KAMPALA January 08– The United Nations World Food Programme (WFP) assisted close to a million people […]

KAMPALA January 08– The United Nations World Food Programme (WFP) assisted close to a million people in Uganda during 2015, nearly 200,000 more than in 2014- the product of regional crises and expanded WFP programmes to tackle post-harvest losses and malnutrition.

“The number of South Sudanese refugees in Uganda has increased nearly eight-fold since fighting broke out in their country in December 2013, and more people continue to arrive in Uganda daily from Burundi, DR Congo and other countries,” Acting WFP Country Director Michael Dunford said. “There are now over half a million refugees in the country, most of whom rely heavily on WFP food assistance and nutrition supplements for young children.

Dunford said the WFP was grateful to Canada, the European Commission, France, Ireland, the United Kingdom and the United States, as well as multilateral and private donors, for their contributions, which enabled the agency to reach nearly a million people.

“WFP is now feeding 360,000 refugees in Uganda, which is the highest number of refugees we have ever supported here,” Dunford said.

Other areas of WFP’s work also grew in 2015. Compared to 2014, WFP more than doubled the number of small-scale farmers it assisted with skills and technologies to reduce post-harvest food losses. The organization reached 38,000 farmers in a programme that strongly incorporates the private sector for self-sustainability. Farmers who had previously lost up to 40 percent of their crops after harvest reported cutting those losses to less than 2 percent after enrolment in the project.

To help reduce rates of anaemia, which affects nearly half of all young children in Uganda, WFP, in collaboration with the Ministry of Health, introduced a programme providing mothers with micronutrient powders – each sachet containing 15 vitamins and minerals – to add to their children’s food at home.

WFP also introduced a new preventive approach to its nutrition support for South Sudanese refugees. Known as “blanket supplementary feeding,” this initiative provides specialized nutritious foods for new arrivals of South Sudanese refugee children aged from 6-23 months, to protect them from undernutrition.

Working closely with the Office of the Prime Minister and the United Nation’s High Commissioner for Refugees (UNHCR), WFP began a livelihoods programme among longer-term refugees and Ugandans in the host communities, in line with the government’s Settlement Transformation Agenda (STA). The STA is intended to address the quality of refugees’ livelihoods in order to build their resilience.

WFP expanded its cash assistance programme for refugees in 2015 to a new high of 35,000 people, and plans to further expand this type of assistance in 2016. In settlements where markets are functional, WFP offers longer-term refugees a choice between food and cash. This gives families more choice in how they meet their food needs, and allows them to buy fresh foods and diversify their diets.
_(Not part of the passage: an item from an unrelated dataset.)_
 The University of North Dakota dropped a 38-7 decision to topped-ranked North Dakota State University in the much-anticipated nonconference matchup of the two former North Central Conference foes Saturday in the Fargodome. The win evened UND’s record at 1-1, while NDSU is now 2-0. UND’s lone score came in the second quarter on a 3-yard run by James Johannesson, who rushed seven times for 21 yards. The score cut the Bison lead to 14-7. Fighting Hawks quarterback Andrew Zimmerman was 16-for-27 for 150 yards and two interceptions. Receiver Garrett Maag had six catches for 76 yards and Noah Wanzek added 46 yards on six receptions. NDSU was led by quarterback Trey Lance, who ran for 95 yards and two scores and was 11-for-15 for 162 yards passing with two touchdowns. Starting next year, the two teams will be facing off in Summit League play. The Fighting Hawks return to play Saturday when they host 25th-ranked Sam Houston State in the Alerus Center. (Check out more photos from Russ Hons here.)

In Karamoja, WFP implemented six programmes aimed at building resilience among households and communities. The programmes included support for more than 143,000 extremely food insecure people, plus targeted nutrition support for 80,000 malnourished young children, pregnant women and breastfeeding mothers during a prolonged lean season. The Karamoja initiatives also included support for nearly 200,000 moderately food insecure people participating in food-for-assets projects in which they built or improved community infrastructure. WFP provided daily school meals to all children attending school throughout Karamoja.

WFP provided logistics and technical support to the government’s “Karamoja feeds Karamoja” programme, through which the government gave cereals for WFP’s food basket for all 284 schools in the region. This collaboration is part of WFP’s efforts to support local solutions for school meals and an eventual hand-over of the programme to the government.
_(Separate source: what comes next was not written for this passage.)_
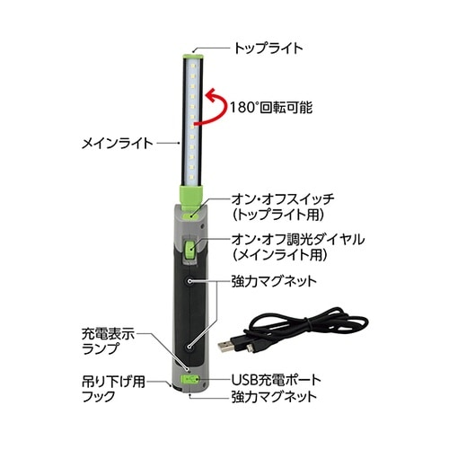 明るさをフレキシブルに調整できるダイヤル式調光スイッチ付のLEDライトです。底部と側面のマグネットは非常に強力で、折りたたみ式でコンパクトに収納できるため、あらゆるシーンで活用します。400lmのメイ |

Support from donors enabled WFP to contribute to Uganda’s local economy through local food purchases and the transportation sector. In 2015, WFP bought 55,600 metric tons of food in Uganda worth US$20 million; small-scale farmers supplied 14 percent of that food. WFP spent another US$10 million hiring local transport companies to move food inside Uganda and to neighbouring countries.

“WFP activities support the Second National Development Plan, Vision 2040 and the Sustainable Development Goals,” Dunford said.
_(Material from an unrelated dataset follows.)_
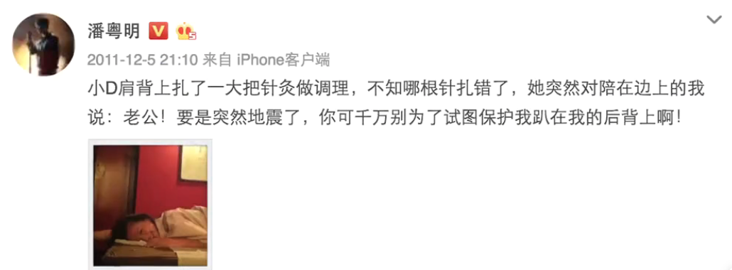 董洁生儿子没多久潘粤明就出了场车祸,董洁赶到医院不眠不休地照顾他,这事让潘粤明十分感动,在《鲁豫有约》里说,看到董洁一夜不睡,内心十分感动。

In 2015, the following donors contributed to WFP in Uganda (in alphabetical order): Canada (US$1.6 million), the European Commission’s Humanitarian Aid and Civil Protection Department (ECHO) (US$1.6 million), France (US$221,000), Ireland (US$1 million), the Lift a Life Foundation (US$450,000), the Louis Dreyfus Foundation (US$576,000), multilateral donors (US$10.8 million), United Kingdom (US$11.3 million), the UN Central Emergency Response Fund (US$771,000), the UPS Foundation (US$176,000) and the United States (US$27 million).